As this is a Treasury debate, I will start with a bit of Treasury stuff. May I gently say that the Government’s record on the economy, and certainly on social mobility, is not at all good? Average pay is still £15 a week lower in real terms than it was before the financial crisis. Not long ago, the Government confidently predicted a minimum wage of £9 an hour by 2020, but downgrades to economic forecasts have taken their toll, and the Office for Budget Responsibility now expects it to be just £8.57. A real living wage—one based on what people actually need to live—is already higher than that. Planned statutory wage increases will not meet the burden of rising living costs. Two thirds of the children living in poverty today have parents in work.
I know this has been said before, but it is true nevertheless. In the 20th century a contract was understood in this country: each generation was better educated, and had higher incomes, greater home ownership and a longer, healthier life than the previous generation. Even if working class kids—I am grateful to the right hon. Member for Putney for introducing class into the debate—did not succeed educationally, they could still expect higher incomes than their parents, and the dream of home ownership coming into reach. That is clearly no longer the case.
The housing crisis is now one of the biggest barriers to social mobility in our big cities. My borough of Newham is ranked second worst of all local authorities in England and Wales for adult social mobility indicators, a consequence of low pay, high living costs and insecure rented housing. The most recent quarterly statistics show, for the sixth time running, an increase in the number of households in England living in temporary accommodation and, since the end of 2010, a 75% increase in the number of children living in temporary accommodation to 120,000. Hon. Members know what a problem that is: a safe, warm, healthy and secure home is so important to childhood.
I was privileged to live in a council flat in east London.
It provided my family with an affordable home, and we were secure in the knowledge that if we were responsible tenants who paid their rent, it was a forever home. That security provided me with the space to learn, thrive and strive, to do as well as I could. My little sister has massively achieved and is a well-respected solicitor, and I am in this House. We could not have done that without the security of an affordable property behind us. Today, far too few of my constituents have that benefit. They live in private, insecure and expensive tenancies, with their children forced to move schools often or to travel long distances for their education. Such conditions make it so much more difficult for them to fulfil their potential.

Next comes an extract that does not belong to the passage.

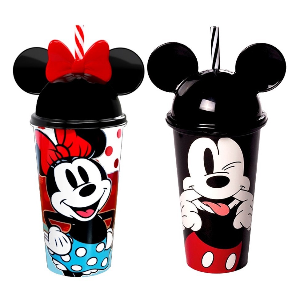 Kit Copos Shake do Mickey e Minnie Mouse com Orelhas Tampa e Canudo 500ML
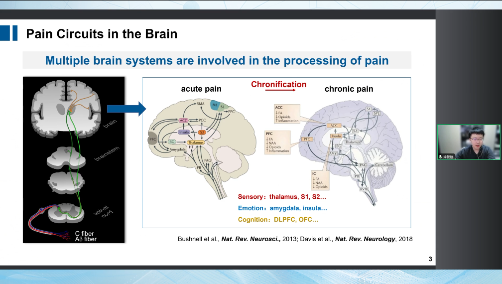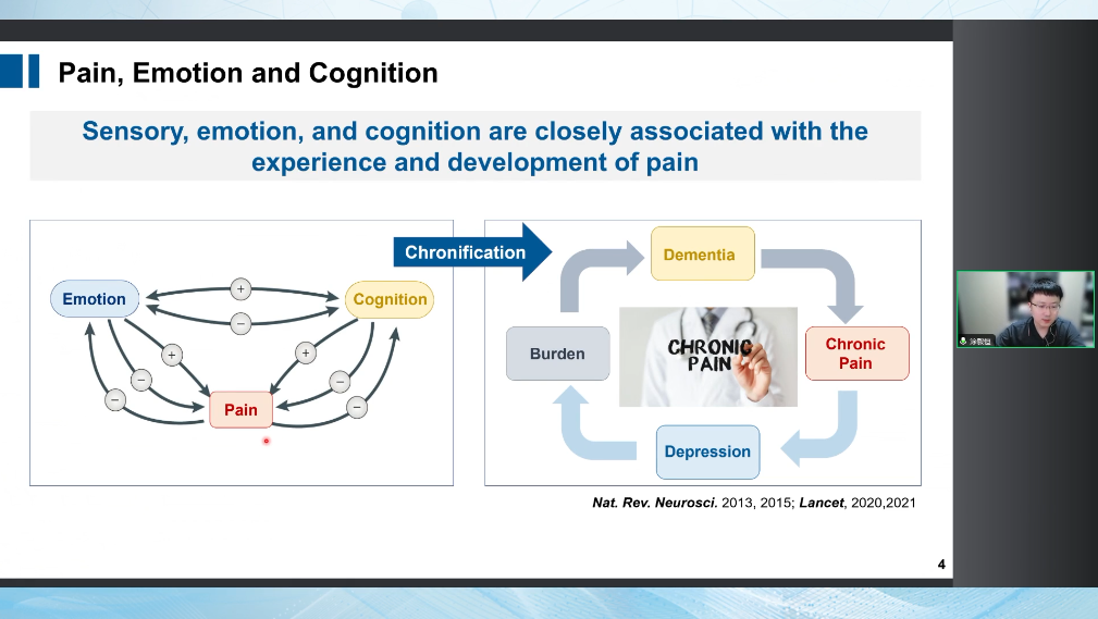 在我們自己的這個研究當(dāng)中,會發(fā)現(xiàn)其實(shí)疼痛的感覺、情緒和認(rèn)知三個維度是密不可分的,它們相互影響共同形成了一個非常復(fù)雜的生理現(xiàn)象。

I realise now that the hon. Lady was just getting into her flight there. The whole issue of housing is something that we have not explored in the context of social mobility. I am very conscious that in the past few years in Scotland we have abolished the right to buy. That seems to be a major issue. Governments will build social housing, council housing, but it is then sold off. Does she agree with me that it is time in England for Governments and parties of all colours to look at abolishing the right to buy, just as the Labour Government are doing in Wales?
I am going to duck that one.
Studies at Harvard University show that growing up with the toxic stress of economic hardship in the family can be severely damaging for a child, and they conclude that it has life-long effects similar to those caused by parental drug abuse or exposure to violence in the home.
I have been in this job for a few short weeks. One of the things exercising me is the very notion of social mobility itself. I am not sure that it is the right concept, and perhaps the Education Committee is on to something with its report that stated that we need a broader concept such as social justice. I fear that the concept of social mobility can be used to promote what I call a grammar school society, where a few of us can get on but most cannot, where the few of us that succeed are held up as a beacon of equal opportunity, whereas in fact those lucky few are a testament to hard work, yes, but often quite a bit of luck, frankly. A society where a few kids from deprived families get to the Cabinet table but the vast majority face daily hardship is simply not an opportunity society.